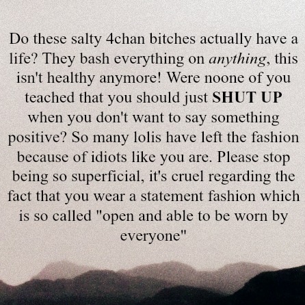 И очень хорошо, что есть лолиты, для которых данный стиль это приятное дополнение, а не отдушина из мира депрессий и неудач. И очень жаль, что фальшивые принцессы столь долго контролировали наше сообщество, пытаясь поддерживать иллюзию своего успеха. Надеюсь что добрые и открытые люди скоро соберутся и возродят сообщество (а не "соо"-огрызок). И ЧСВэшные нищебляди не получат в нём административных прав.
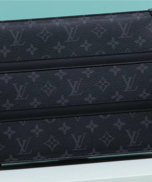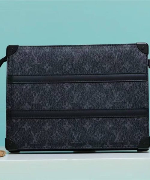 1:1 Replica Louis Vuitton LV Trunk Pouch Monogram Eclipse Canvas Black Unique Bag For Men M45937 – 28cm
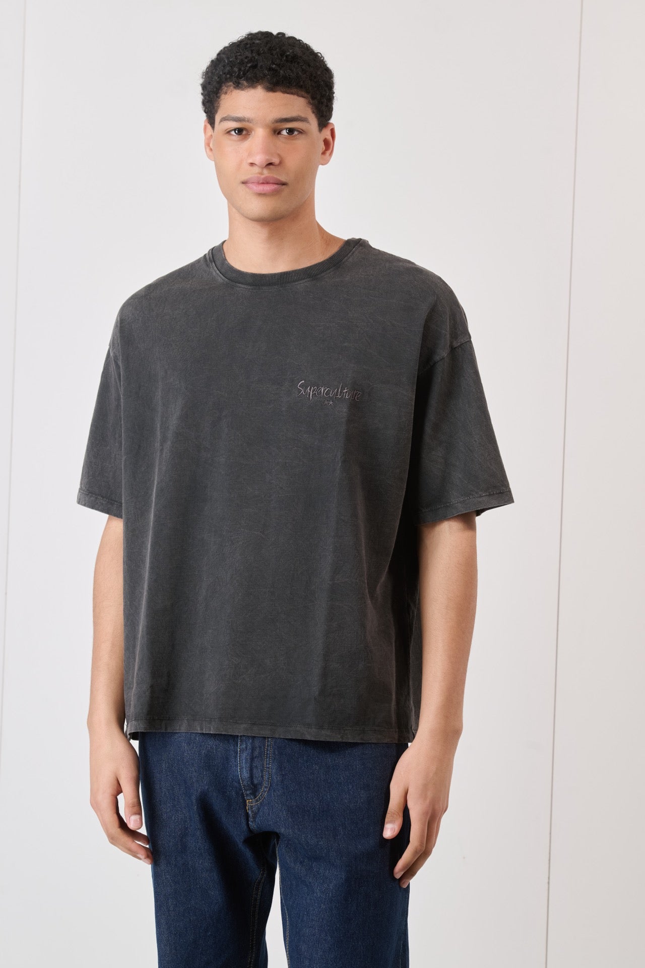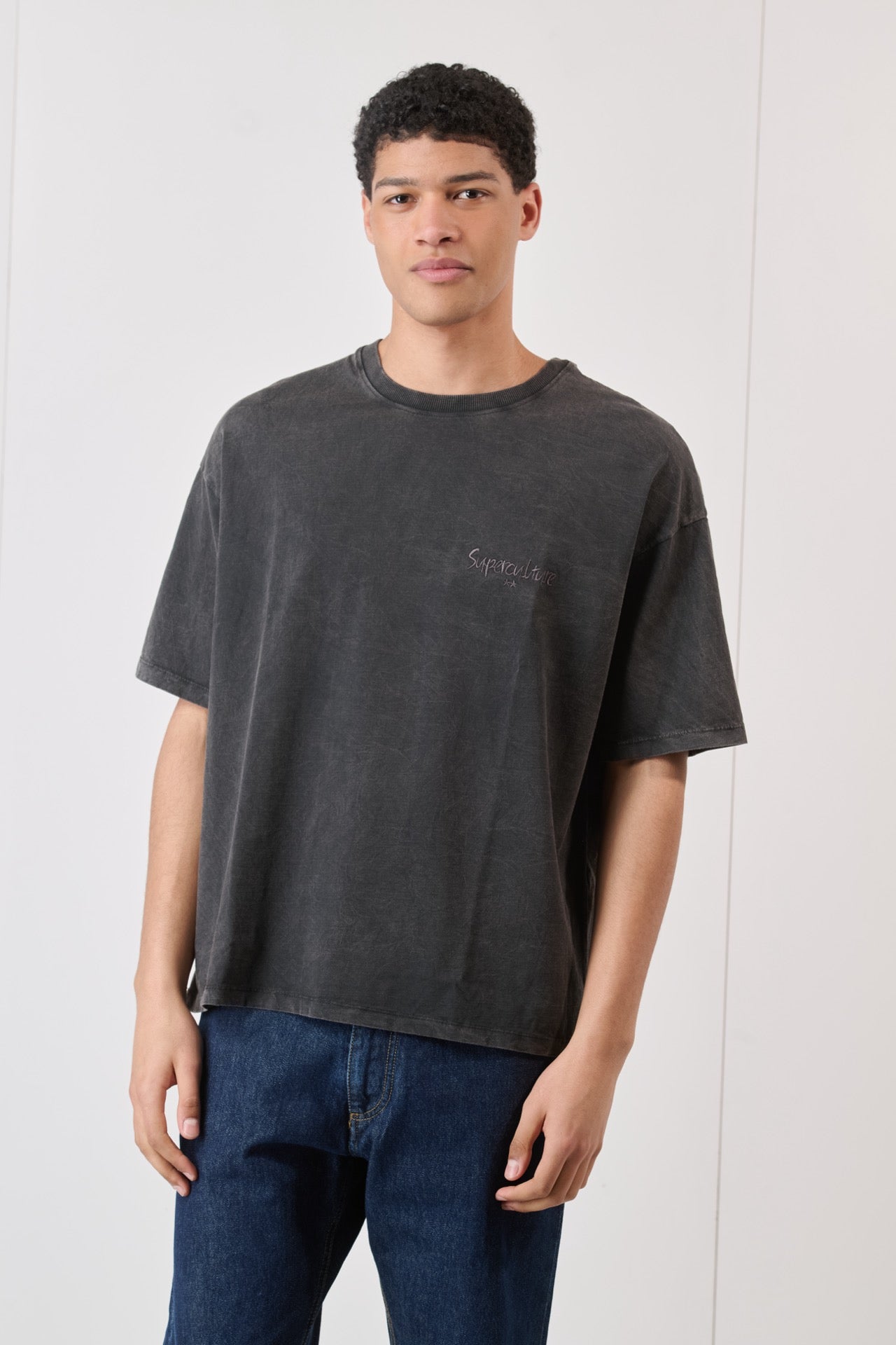 Dallo stile rilassato e di tendenza, la t-shirt boxy fit acid wash con ricamo unisce il fascino del lavaggio vintage con il tocco sofisticato del ricamo. Il fit boxy, leggermente oversize, la rende perfetta per look streetwear contemporanei.
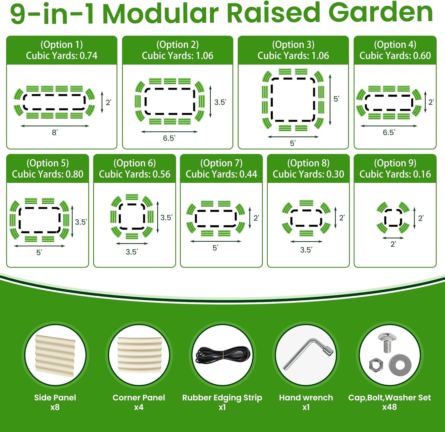 • Modular Raised Garden Bed:Our 9-in-1 modular kit means you can assemble one of 9 configurations,Pick your favorite one and then assemble your garden bed to fits your unique home garden space perfectly.
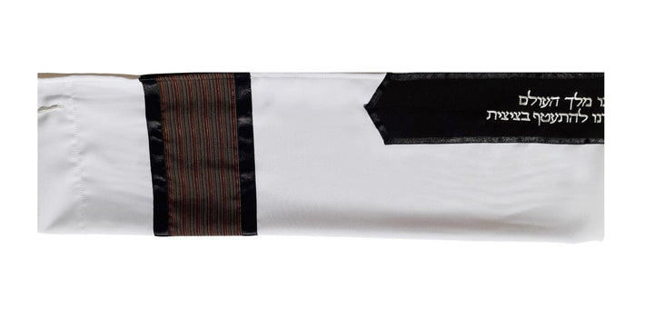 Distinguished Black, Brown and Red Stripes Decorated Tallit with a unique combination of Black Satin ribbons and Taffeta Atarah.
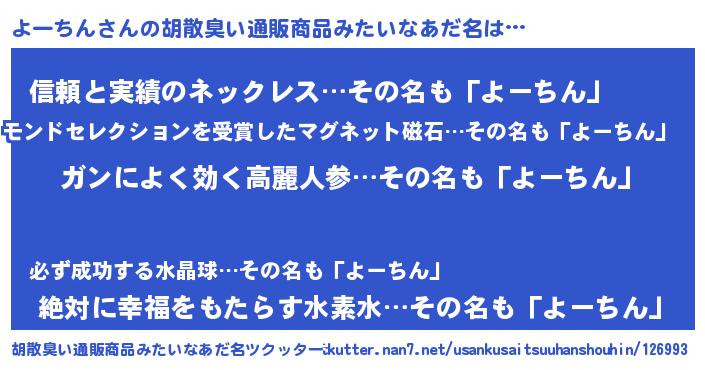 | ヘコむあだ名 | 『よーを』『よーちん(爆)』『豆乳』 |
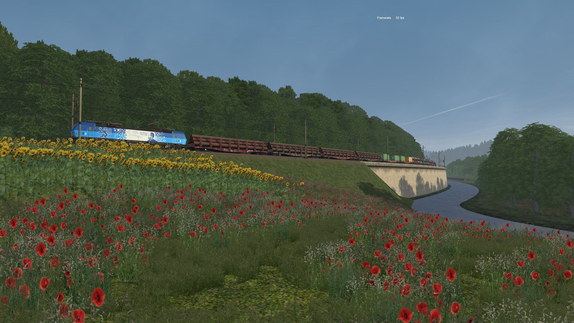 Zum Schluss habe ich begonnen mir ein eigenes Szenario zu erstellen mit den Güterwagen-Sets von Damo. Startzeit 6:15 Uhr bei leichtem Nebel bei Brezpravi am Tunnel und endet nach ca. 70 Minuten in Navsi auf den Gütergleisen. Die Güterwagen von Damo sehen sehr gut aus und mache was her nur ein keines Manko gibt es leider, sie haben leisen bzw. keinen Rollsound. Die Info habe Damo in seinem eigenen Thread gegeben.
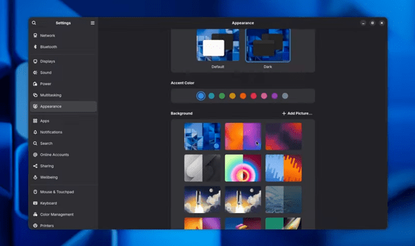 GNOME 49 includes multiple new background sets — not just one or two images. Each version brings a mix of abstract patterns, soft gradients, and nature-inspired designs.

━━━━━━━━

### Work to be completed
All the material above should be written out exactly, with images omitted.

### Solution
 И очень хорошо, что есть лолиты, для которых данный стиль это приятное дополнение, а не отдушина из мира депрессий и неудач. И очень жаль, что фальшивые принцессы столь долго контролировали наше сообщество, пытаясь поддерживать иллюзию своего успеха. Надеюсь что добрые и открытые люди скоро соберутся и возродят сообщество (а не "соо"-огрызок). И ЧСВэшные нищебляди не получат в нём административных прав.
 1:1 Replica Louis Vuitton LV Trunk Pouch Monogram Eclipse Canvas Black Unique Bag For Men M45937 – 28cm
 Dallo stile rilassato e di tendenza, la t-shirt boxy fit acid wash con ricamo unisce il fascino del lavaggio vintage con il tocco sofisticato del ricamo. Il fit boxy, leggermente oversize, la rende perfetta per look streetwear contemporanei.
 • Modular Raised Garden Bed:Our 9-in-1 modular kit means you can assemble one of 9 configurations,Pick your favorite one and then assemble your garden bed to fits your unique home garden space perfectly.
 Distinguished Black, Brown and Red Stripes Decorated Tallit with a unique combination of Black Satin ribbons and Taffeta Atarah.
 | ヘコむあだ名 | 『よーを』『よーちん(爆)』『豆乳』 |
 Zum Schluss habe ich begonnen mir ein eigenes Szenario zu erstellen mit den Güterwagen-Sets von Damo. Startzeit 6:15 Uhr bei leichtem Nebel bei Brezpravi am Tunnel und endet nach ca. 70 Minuten in Navsi auf den Gütergleisen. Die Güterwagen von Damo sehen sehr gut aus und mache was her nur ein keines Manko gibt es leider, sie haben leisen bzw. keinen Rollsound. Die Info habe Damo in seinem eigenen Thread gegeben.
 GNOME 49 includes multiple new background sets — not just one or two images. Each version brings a mix of abstract patterns, soft gradients, and nature-inspired designs.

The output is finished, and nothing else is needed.